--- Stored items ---
#####
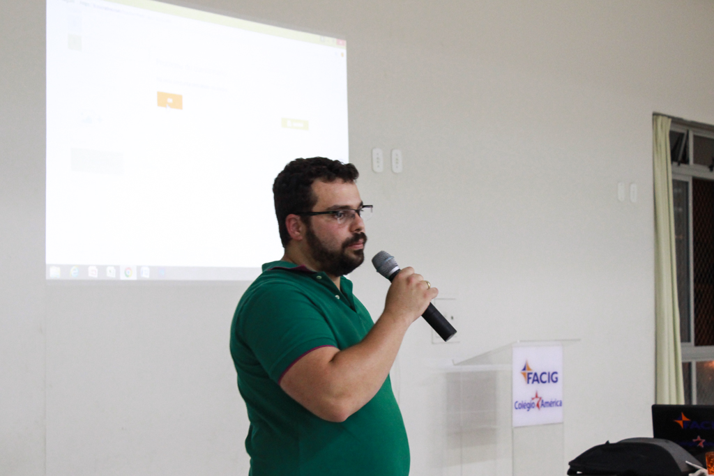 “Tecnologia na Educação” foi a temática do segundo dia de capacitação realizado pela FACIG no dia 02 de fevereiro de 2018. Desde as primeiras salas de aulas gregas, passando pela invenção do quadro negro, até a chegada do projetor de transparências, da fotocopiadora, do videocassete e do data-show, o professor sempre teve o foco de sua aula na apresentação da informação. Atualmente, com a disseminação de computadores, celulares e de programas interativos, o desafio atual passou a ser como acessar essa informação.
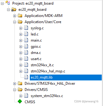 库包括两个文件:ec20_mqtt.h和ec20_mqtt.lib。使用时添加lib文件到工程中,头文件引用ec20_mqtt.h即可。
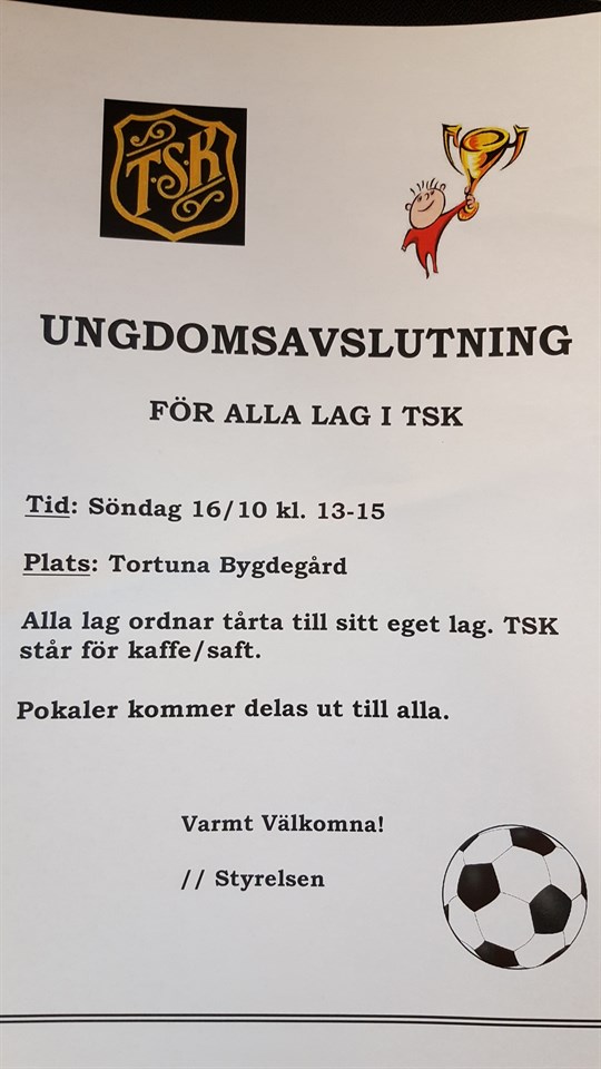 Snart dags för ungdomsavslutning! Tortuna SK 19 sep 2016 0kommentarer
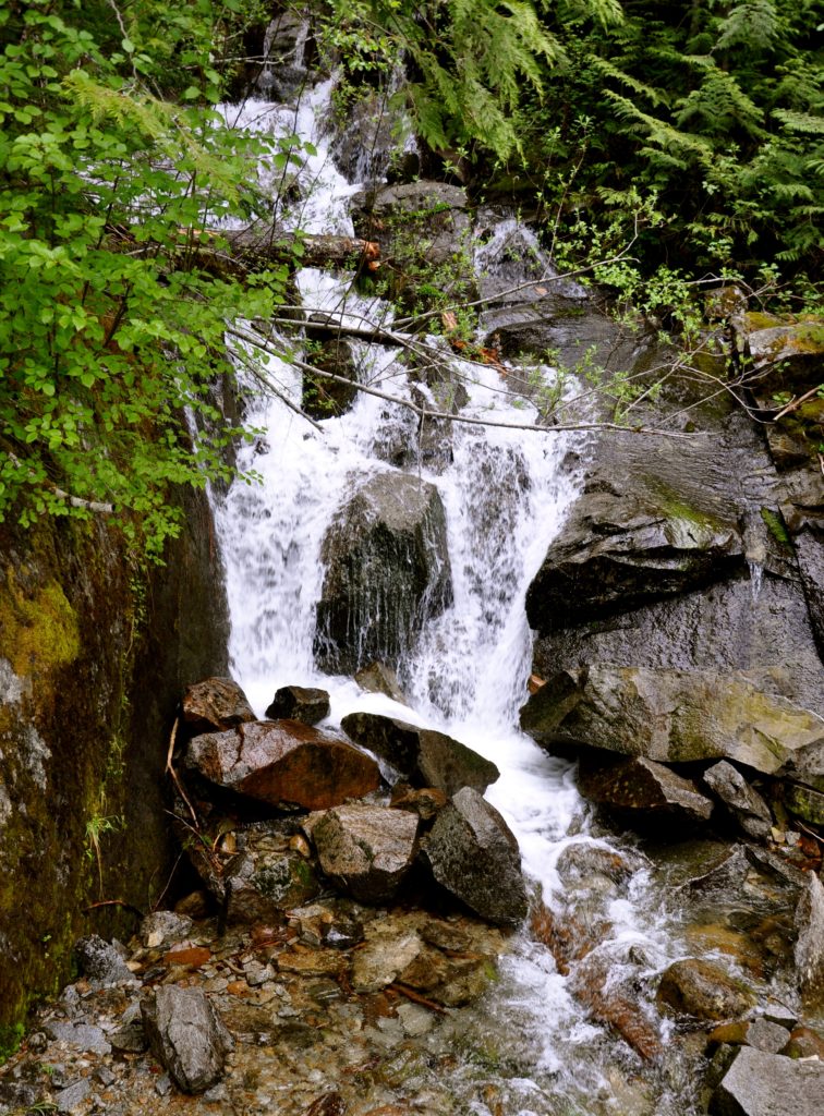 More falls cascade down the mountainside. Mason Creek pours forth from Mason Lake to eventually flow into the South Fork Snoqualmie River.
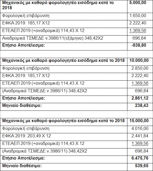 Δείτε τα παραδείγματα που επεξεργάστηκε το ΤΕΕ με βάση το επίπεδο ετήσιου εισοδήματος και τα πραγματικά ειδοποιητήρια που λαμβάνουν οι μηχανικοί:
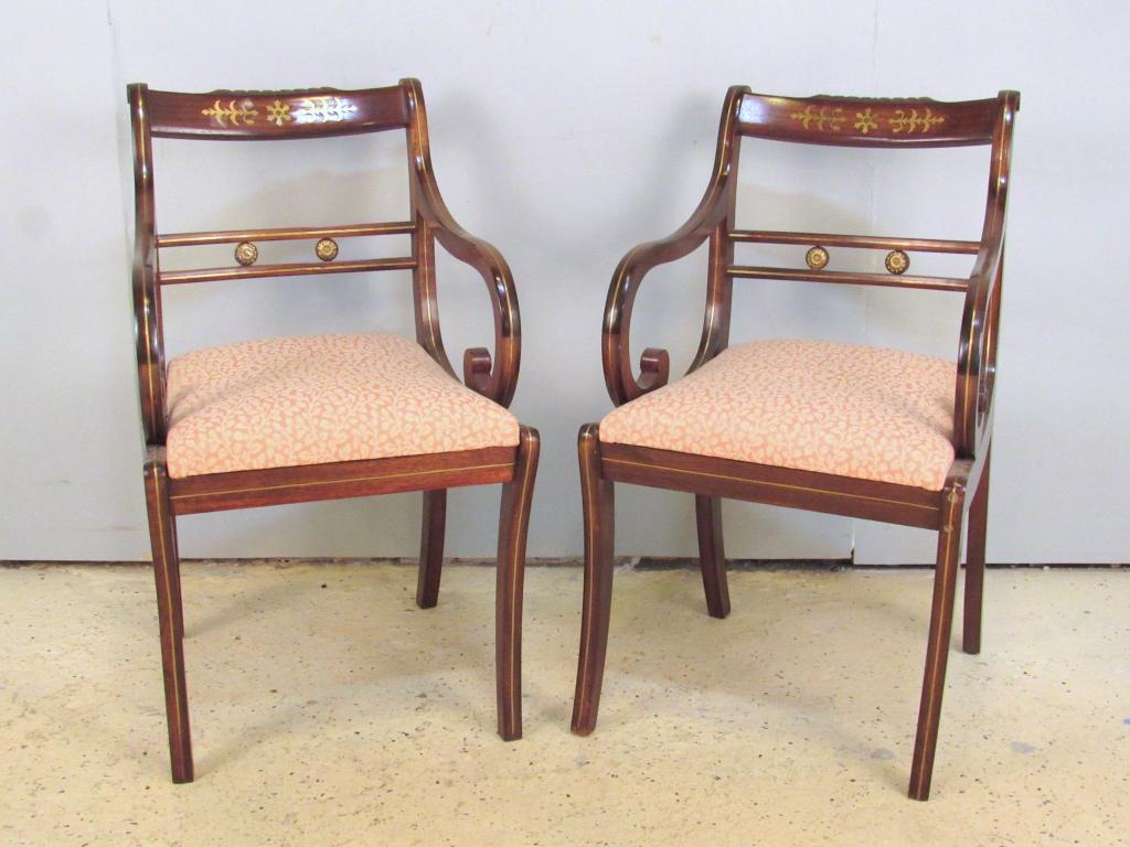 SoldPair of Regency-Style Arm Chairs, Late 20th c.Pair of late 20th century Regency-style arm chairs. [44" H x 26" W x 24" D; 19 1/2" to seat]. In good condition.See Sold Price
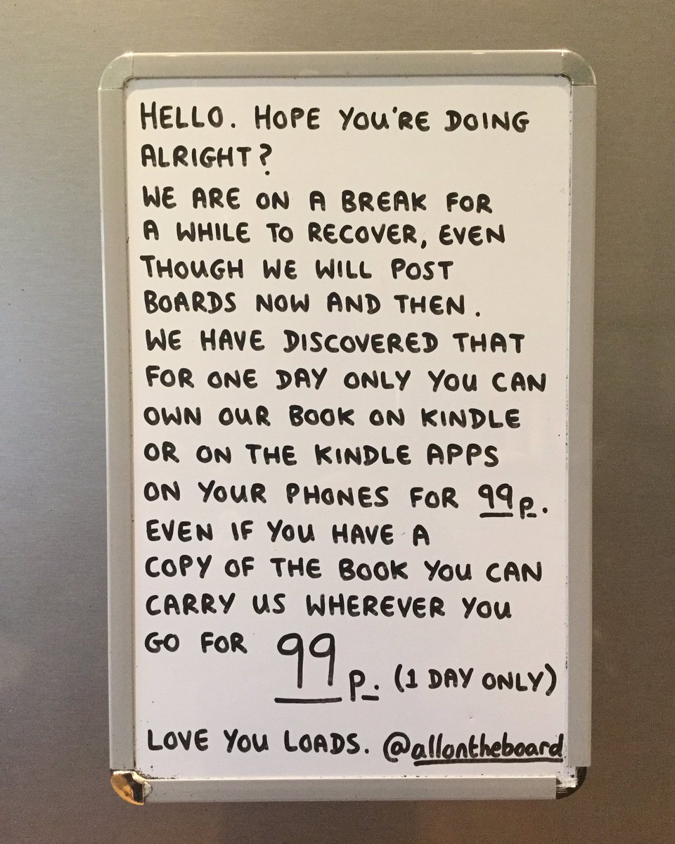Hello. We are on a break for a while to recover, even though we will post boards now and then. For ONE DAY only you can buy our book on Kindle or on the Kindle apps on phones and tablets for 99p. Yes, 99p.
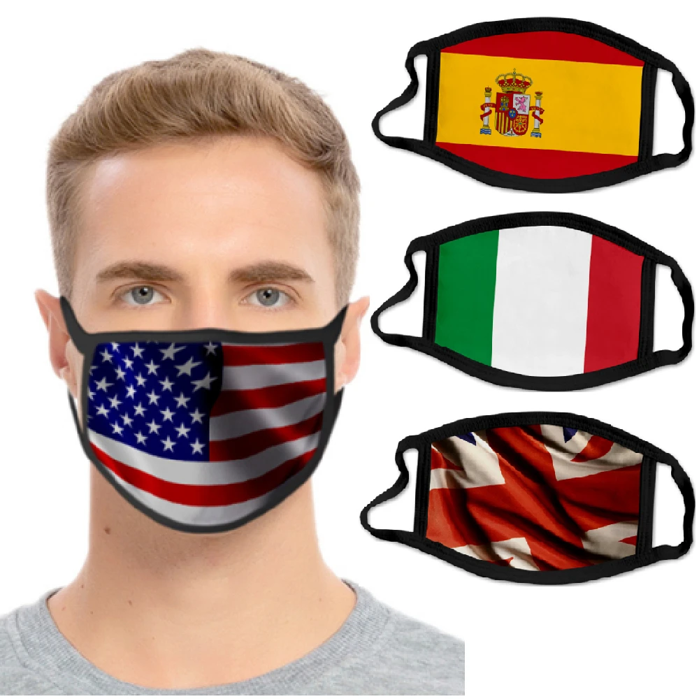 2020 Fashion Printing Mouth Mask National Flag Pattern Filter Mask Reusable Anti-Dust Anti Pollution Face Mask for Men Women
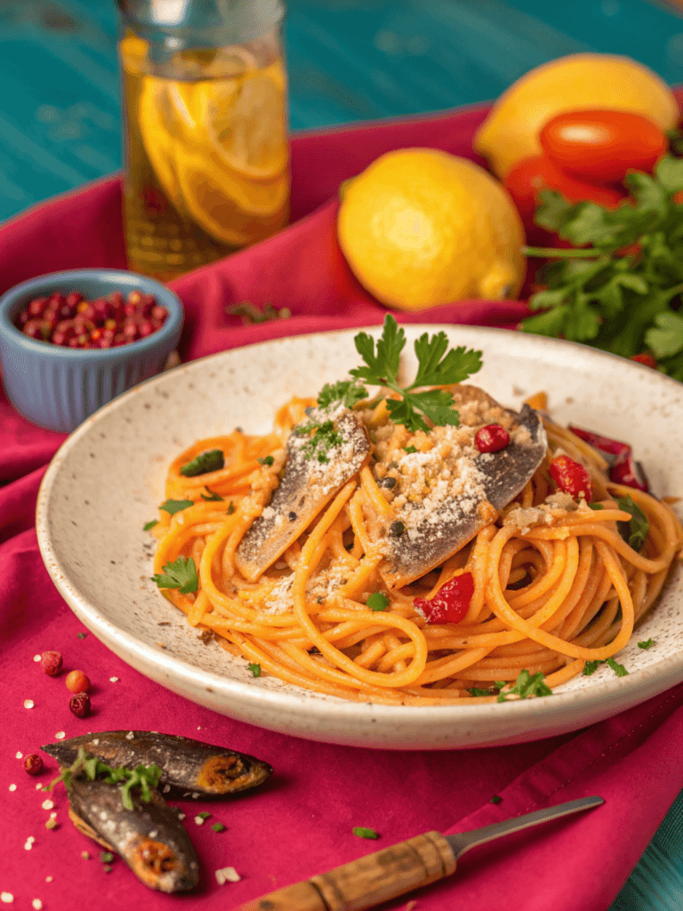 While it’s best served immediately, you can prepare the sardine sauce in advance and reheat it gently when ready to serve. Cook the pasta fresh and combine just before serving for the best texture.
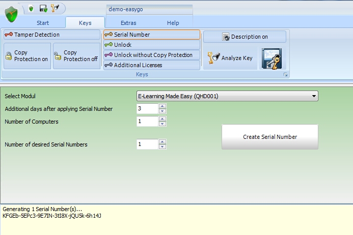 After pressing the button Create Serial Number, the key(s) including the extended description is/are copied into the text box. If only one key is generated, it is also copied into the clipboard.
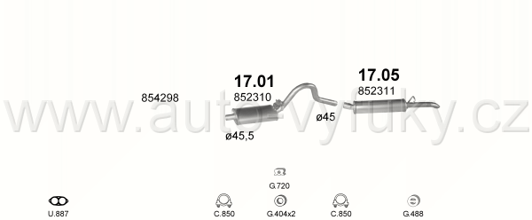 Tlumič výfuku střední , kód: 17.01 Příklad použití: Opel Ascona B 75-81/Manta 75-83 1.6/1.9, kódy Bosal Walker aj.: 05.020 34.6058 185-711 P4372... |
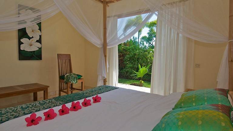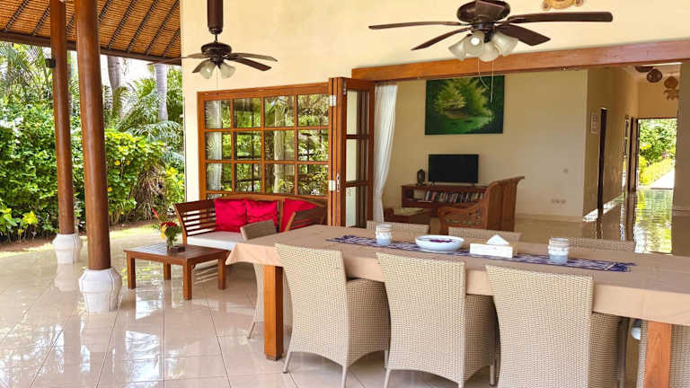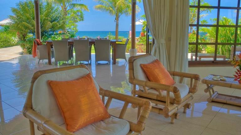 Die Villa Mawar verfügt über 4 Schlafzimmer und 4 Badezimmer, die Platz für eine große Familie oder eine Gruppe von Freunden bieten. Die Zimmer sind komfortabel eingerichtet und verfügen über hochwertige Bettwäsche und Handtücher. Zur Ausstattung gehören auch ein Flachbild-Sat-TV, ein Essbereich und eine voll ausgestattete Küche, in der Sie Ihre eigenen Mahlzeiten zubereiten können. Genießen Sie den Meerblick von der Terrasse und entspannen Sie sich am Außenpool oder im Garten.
#####
Word for word, reproduce all the data, but not the pictures.

 “Tecnologia na Educação” foi a temática do segundo dia de capacitação realizado pela FACIG no dia 02 de fevereiro de 2018. Desde as primeiras salas de aulas gregas, passando pela invenção do quadro negro, até a chegada do projetor de transparências, da fotocopiadora, do videocassete e do data-show, o professor sempre teve o foco de sua aula na apresentação da informação. Atualmente, com a disseminação de computadores, celulares e de programas interativos, o desafio atual passou a ser como acessar essa informação.
 库包括两个文件:ec20_mqtt.h和ec20_mqtt.lib。使用时添加lib文件到工程中,头文件引用ec20_mqtt.h即可。
 Snart dags för ungdomsavslutning! Tortuna SK 19 sep 2016 0kommentarer
 More falls cascade down the mountainside. Mason Creek pours forth from Mason Lake to eventually flow into the South Fork Snoqualmie River.
 Δείτε τα παραδείγματα που επεξεργάστηκε το ΤΕΕ με βάση το επίπεδο ετήσιου εισοδήματος και τα πραγματικά ειδοποιητήρια που λαμβάνουν οι μηχανικοί:
 SoldPair of Regency-Style Arm Chairs, Late 20th c.Pair of late 20th century Regency-style arm chairs. [44" H x 26" W x 24" D; 19 1/2" to seat]. In good condition.See Sold Price
Hello. We are on a break for a while to recover, even though we will post boards now and then. For ONE DAY only you can buy our book on Kindle or on the Kindle apps on phones and tablets for 99p. Yes, 99p.
 2020 Fashion Printing Mouth Mask National Flag Pattern Filter Mask Reusable Anti-Dust Anti Pollution Face Mask for Men Women
 While it’s best served immediately, you can prepare the sardine sauce in advance and reheat it gently when ready to serve. Cook the pasta fresh and combine just before serving for the best texture.
 After pressing the button Create Serial Number, the key(s) including the extended description is/are copied into the text box. If only one key is generated, it is also copied into the clipboard.
 Tlumič výfuku střední , kód: 17.01 Příklad použití: Opel Ascona B 75-81/Manta 75-83 1.6/1.9, kódy Bosal Walker aj.: 05.020 34.6058 185-711 P4372... |
 Die Villa Mawar verfügt über 4 Schlafzimmer und 4 Badezimmer, die Platz für eine große Familie oder eine Gruppe von Freunden bieten. Die Zimmer sind komfortabel eingerichtet und verfügen über hochwertige Bettwäsche und Handtücher. Zur Ausstattung gehören auch ein Flachbild-Sat-TV, ein Essbereich und eine voll ausgestattete Küche, in der Sie Ihre eigenen Mahlzeiten zubereiten können. Genießen Sie den Meerblick von der Terrasse und entspannen Sie sich am Außenpool oder im Garten.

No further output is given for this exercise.